Pick et Pick et Colégram

Qu'est ce qu'un beau théorème ? Si on regarde les premiers résultats de Google (qui a toujours raison), on trouve que cette appellation peut désigner le théorème de Zafar (provenant d'un obscur groupe chez Facebook), le théorème du point fixe de Brouwer, le théorème des accroissements finis, le théorème de Ptolémée, un théorème de Newton sur les coniques, le théorème "femme=problèmes", le théorème de Pascal... A chacun sa propre définition de la beauté d'un théorème.
Pour l'article d'aujourd'hui, un théorème beau, ça sera un théorème qui sort de nulle part, qui ne va nulle part non plus et qui est suffisamment simple pour être compris par un élève en fin de primaire : un un mot, le théorème de Pick !

D'habitude, pour mesurer l'aire d'un polygone, on utilise des formules de la forme longueur × longueur (du genre "longueur du côté au carré" ou "petite base plus grande base fois hauteur divisé par 2"). C'est qu'une histoire d'analyse dimensionnelle : pour trouver une aire, c'est mieux de multiplier des longueurs. La formule de Pick, elle propose mieux : mesurer des aires sans avoir recours à des multiplications !

Pour ça, il faut considérer des polygones simples, du genre de celui-ci :

polygone_simple
Un polygone simple

Ici, simple signifie que tous les sommets tombent pile-poil sur le quadrillage. Il faut aussi que le polygone ne soit pas "croisé". A partir de là, on compte le nombre nint de points à l'intérieur du polygone, et nbd le nombre de points sur le bord du polygone. Le théorème de Pick dit tout simplement que l'aire A du polygone est donné par la formule :

Formule_Pick

Bref : on peut calculer une aire seulement en comptant les points. Exemple en image :

polygone_simple_colore

On a 15 points intérieurs (en jaune), 24 points sur le bord (en vert), ce qui donne une aire de 15+24/2-1 = 26 (unités carré).

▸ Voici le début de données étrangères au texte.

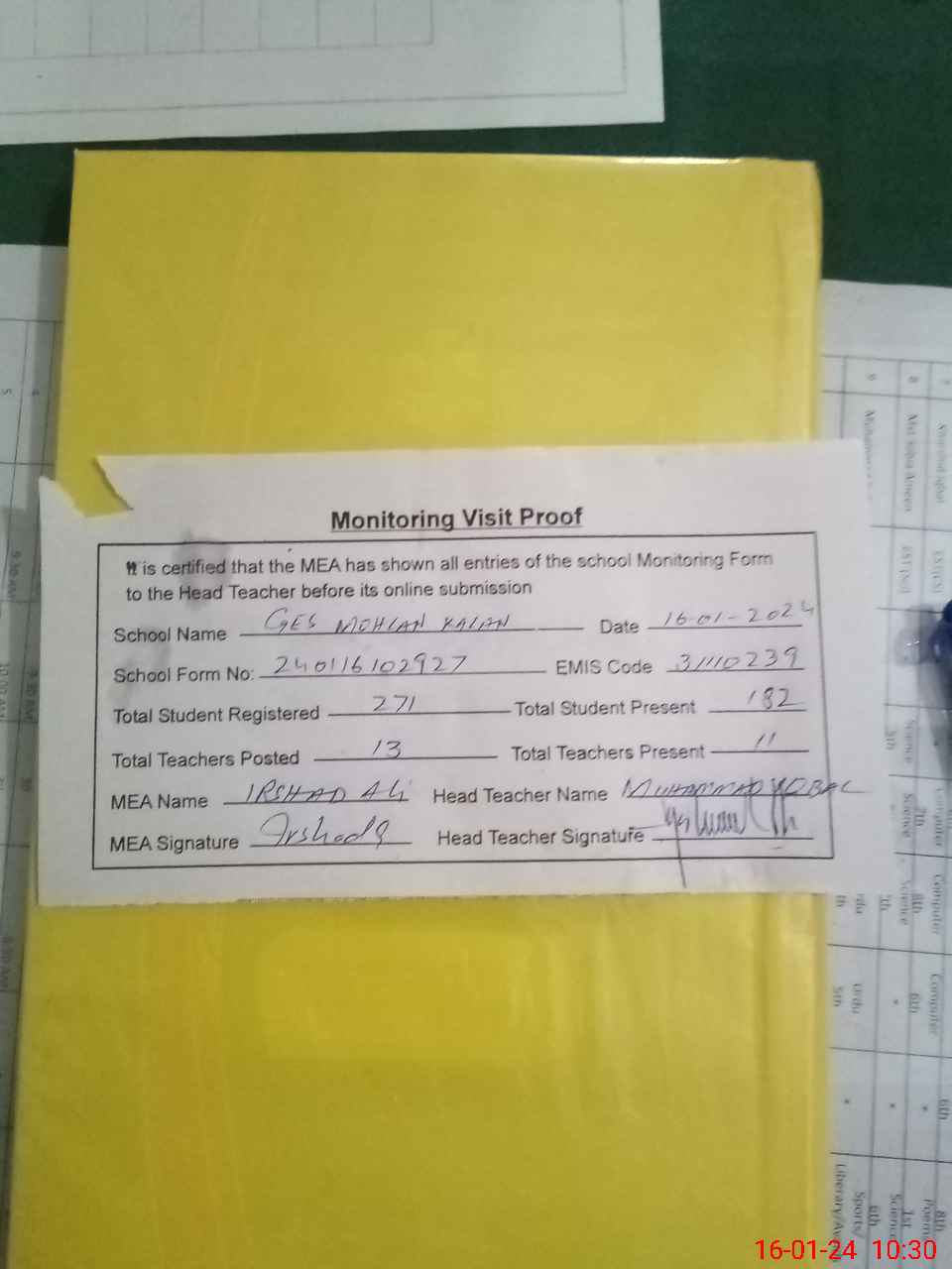 | Attendance Register | Head Teacher | MEA with School | Visit Proof |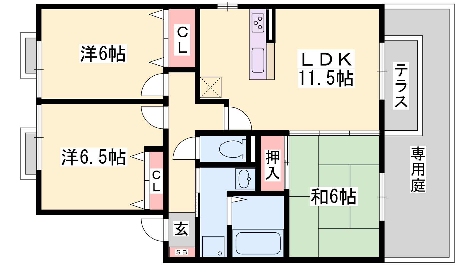 - LDK11.5帖、和室6帖、洋室6帖、洋室6.5帖

C'est le moment parfait pour parler de la vie de Mr Pick, qui a établit ce théorème en 1899 : il s'appelle Georg, il est autrichien, il est né en 1859, il a appris la géométrie différentielle à Albert Einstein et il est mort en 1942 dans le camp de concentration de Theresienstadt.

Démonstration !
On a de la chance, ce théorème n'est difficile ni contractuellement, ni dans sa démonstration (d'où sa présence sur ce blog, dans cette série de note sur les petits théorèmes de géométrie combinatoire) !

La démonstration repose sur deux faits essentiels :
(1) le théorème est vrai sur les triangles
(2) si le théorème est vrai sur un polygone, il reste vrai quand on ajoute un triangle à ce polygone

Puisque tout polygone peut être découpé en plein de petits triangles (une triangulation, cf ), la récurrence montre que le théorème est tout à fait vrai.

polygone_simple_triangulation
Une triangulation du polygone :
si on montre que le théorème est vrai sur les petits triangles et que la formule peut s'additionner, ça sera gagné

(1) Prenons un triangle simple : par une habile adjonction de triangles, on peut le transformer en rectangle dont les côtés sont parallèles aux axes.

triangle_adjonct_

Il n'y a plus qu'à montrer que la formule est vraie sur les rectangles, sur les triangles rectangles, et quand on enlève les triangles au rectangle.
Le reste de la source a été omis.